Habe jetzt aber ein anderes wehwechen mit dem router: Wlan. 
Ich bekomme zwischenzeitlich ping Sprünge in 4stelligen Bereich für ~1 sek.

Das ist mir vorallem dann aufgefallen wenn meine Freundin auch im Internet etwas schaut o.ä.
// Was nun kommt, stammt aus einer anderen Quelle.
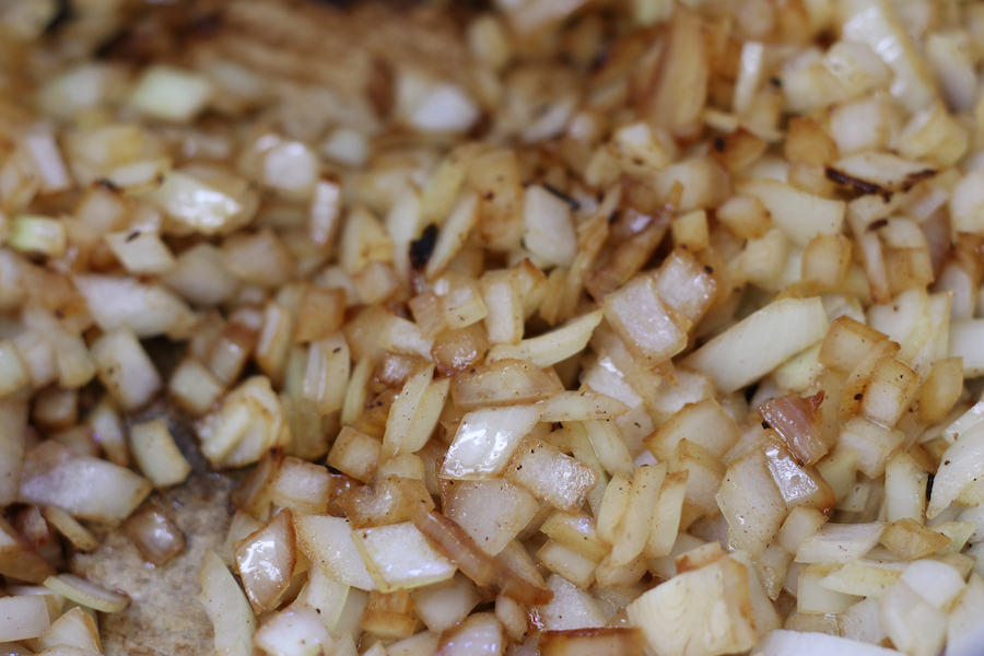 Once the beef is browned, remove from pan and transfer onto a large plate. Set aside. Add the diced onions to the beef drippings and sauté until onions are sweating, about 3 mins. Cooking the onions in the beef drippings adds a ton of flavor from the fat. Additionally, it also starts to loosen up the browned bits which also packs a punch with flavor.
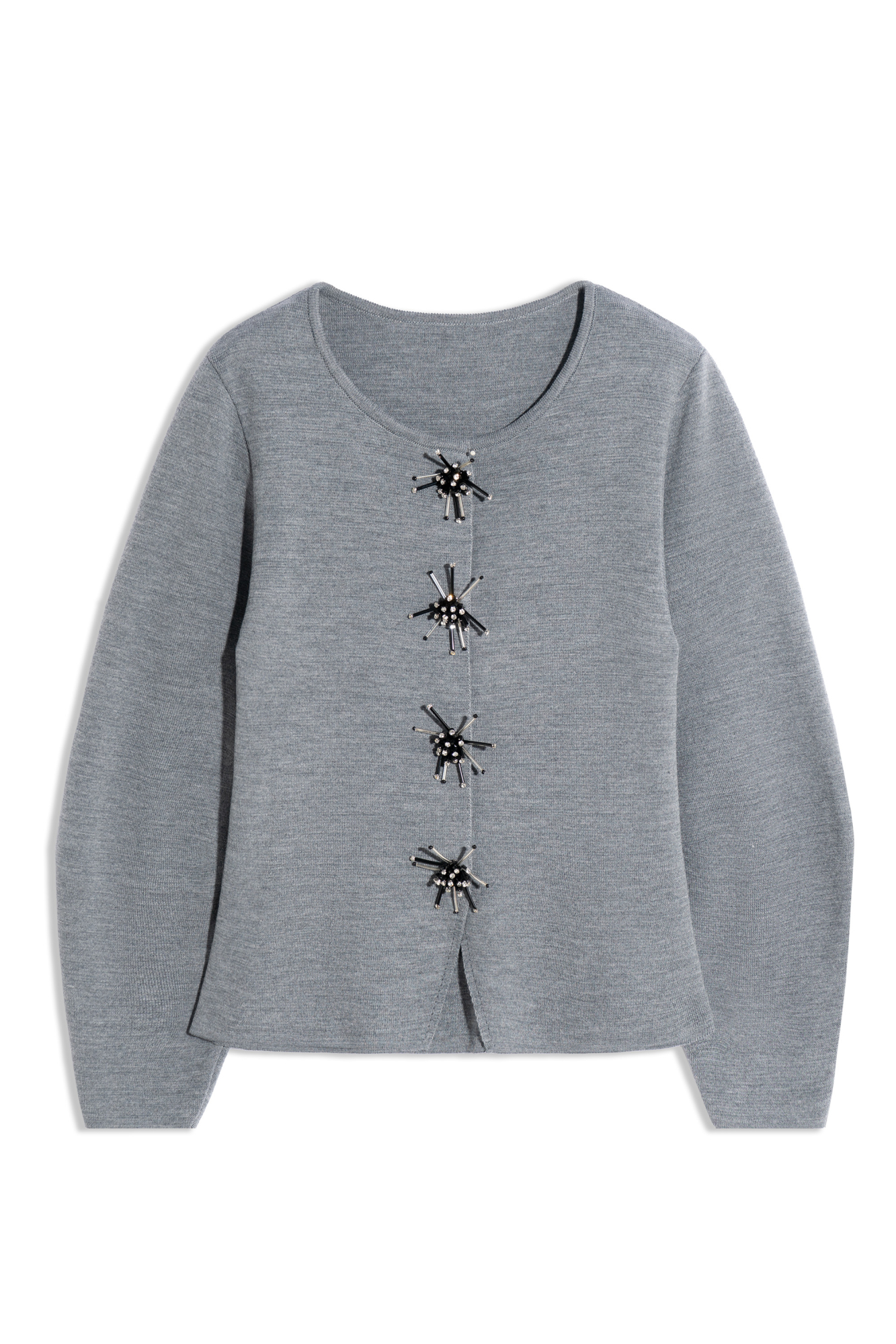 Трикотажный жакет из шерсти. Модель свободного силуэта с широкими рукавами и круглым вырезом горловины без лацканов. Застежка на магнитные кнопки. Изделие декорировано аппликацией из стекляруса и страз.
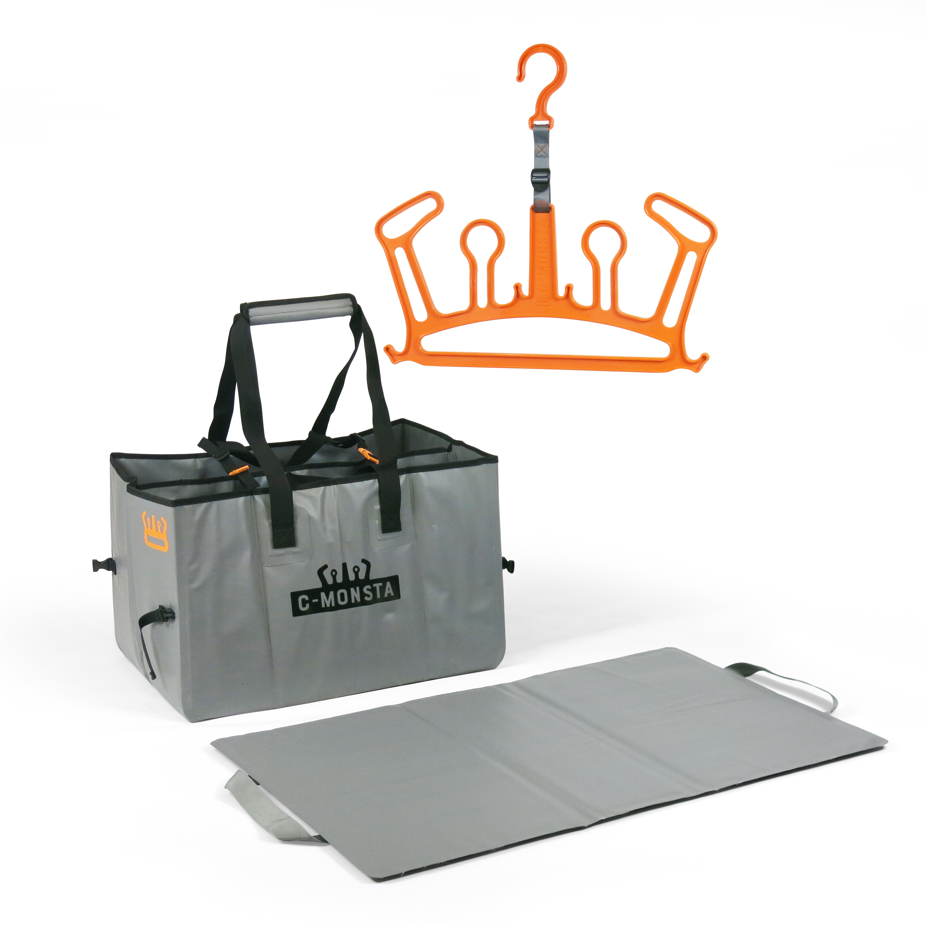 Keep your car from getting wet and filthy with this awesome bag. It's HUGE and will fit all your gear with separate dry and wet compartments. Already have the C-Monsta Hanger? It fits in the bag perfectly, even with all your stuff hanging on it!
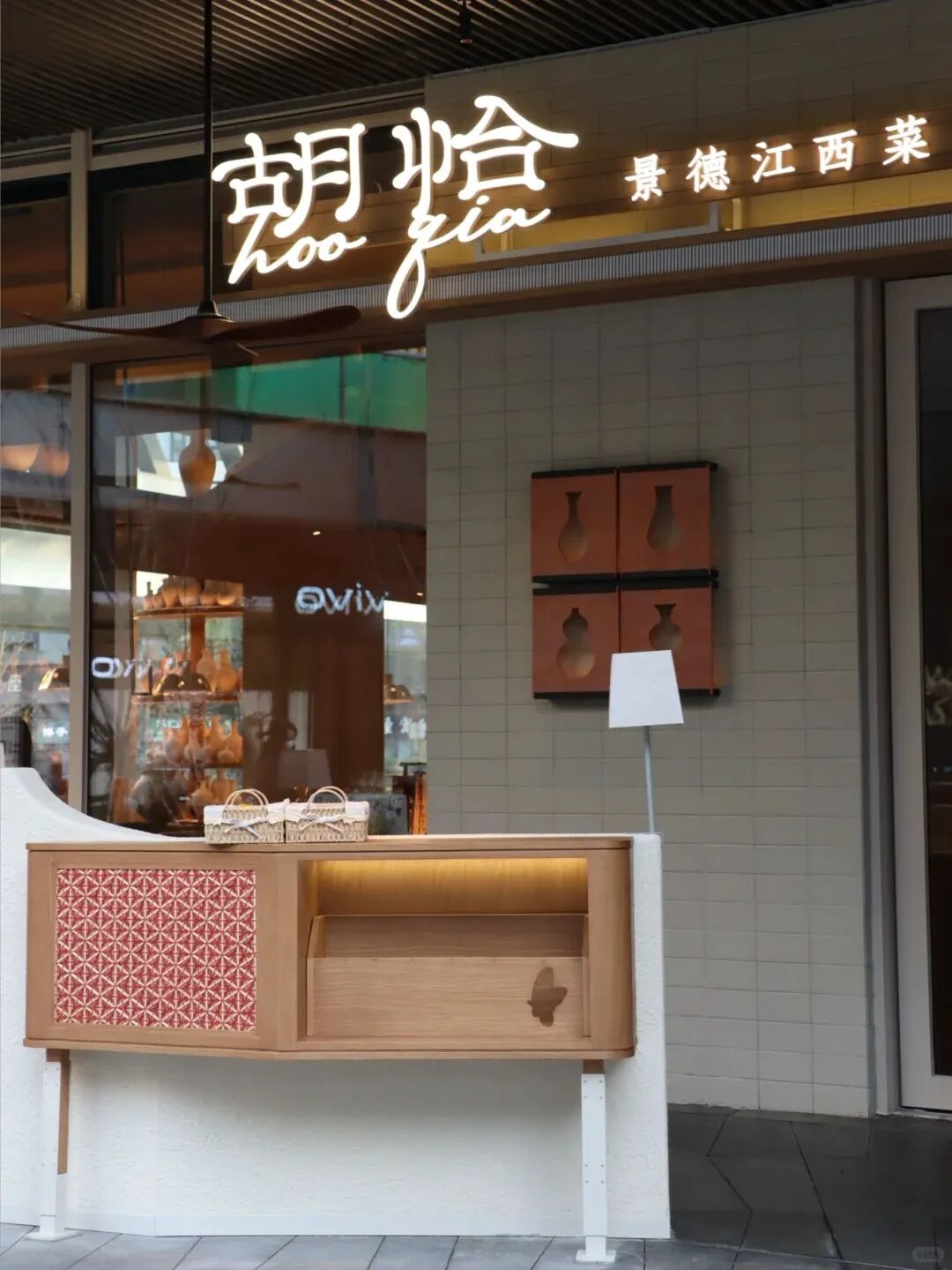 胡恰不仅在产品端发力,门店装修亦独具匠心,选取景德镇的陶罐、蝴蝶和竹编等元素装饰,氛围感十足,并把明厨明档做成景德镇“瓷窑”。

Gibt es da Ne Möglichkeit etwas zu optimieren a la Prioritäten oder bestimmte Frequenzen für bestimmte Geräte?


----------



## K3n$! (4. Februar 2013)

Wahrscheinlich kannst du da eher nichts optimieren. Das wird schlichtweg daran liegen, 
dass zu diesem Zeitpunkt die Leitung ausgelastet ist und dein Datenpaket "warten" muss, 
sodass die längere Laufzeit entsteht.

Das sollte theoretisch auch mit einem LAN Kabel nicht besser werden.
Du kannst höchstens Programme à la Netlimiter auf dem Rechner deiner Freundin installieren, 
mit denen du die Bandbreite einschränkst, damit dir noch genug für deine Pakete übrig bleibt.


----------



## Franzl (7. Februar 2013)

Also vorher war ich bei tcom Mut 16k Leitung. Da hatte ich dann Ne alte fritzbox+dlink Wlan router. Da hatte ich nie ping Probleme.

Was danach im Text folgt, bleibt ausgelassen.